Provided entries:

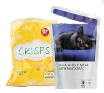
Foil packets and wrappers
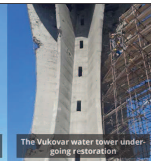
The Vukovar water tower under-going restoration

...

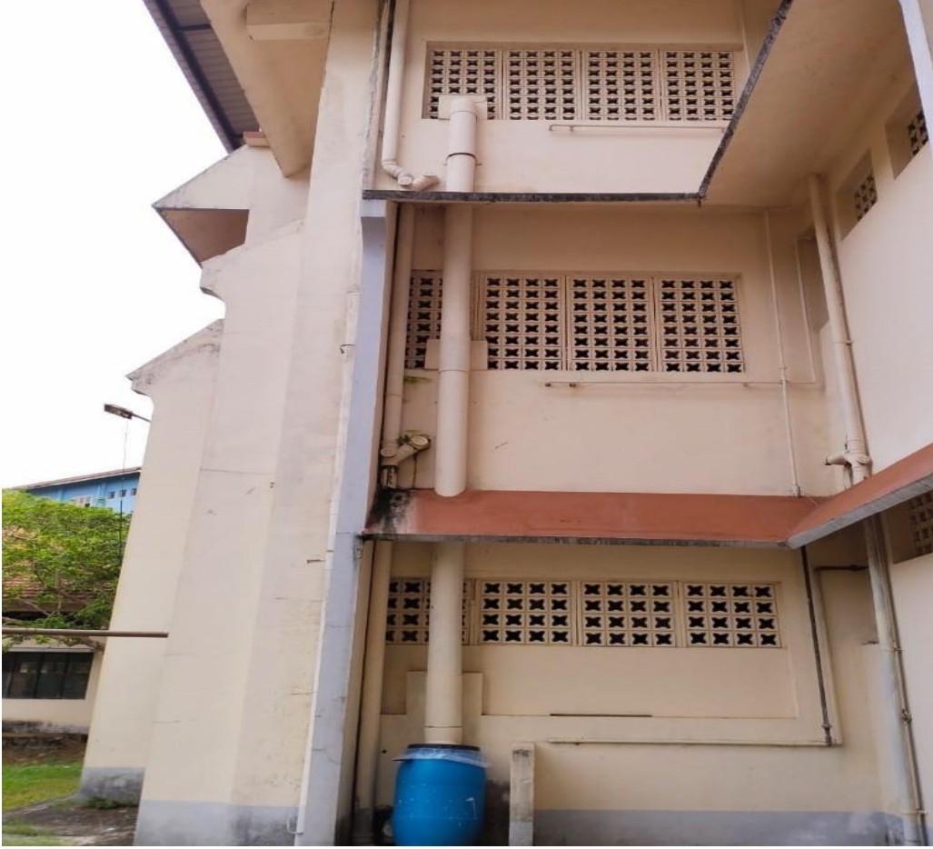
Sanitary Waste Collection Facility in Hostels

---

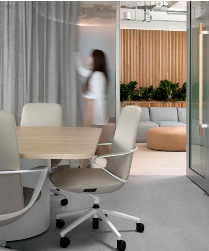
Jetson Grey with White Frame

Assigned task: Using the entries above, transcribe exactly from the line that has "Foil packets and wrappers" through the line that has "The Vukovar water". Pictures are dropped.

Response to the exercise:
Foil packets and wrappers
The Vukovar water tower under-going restoration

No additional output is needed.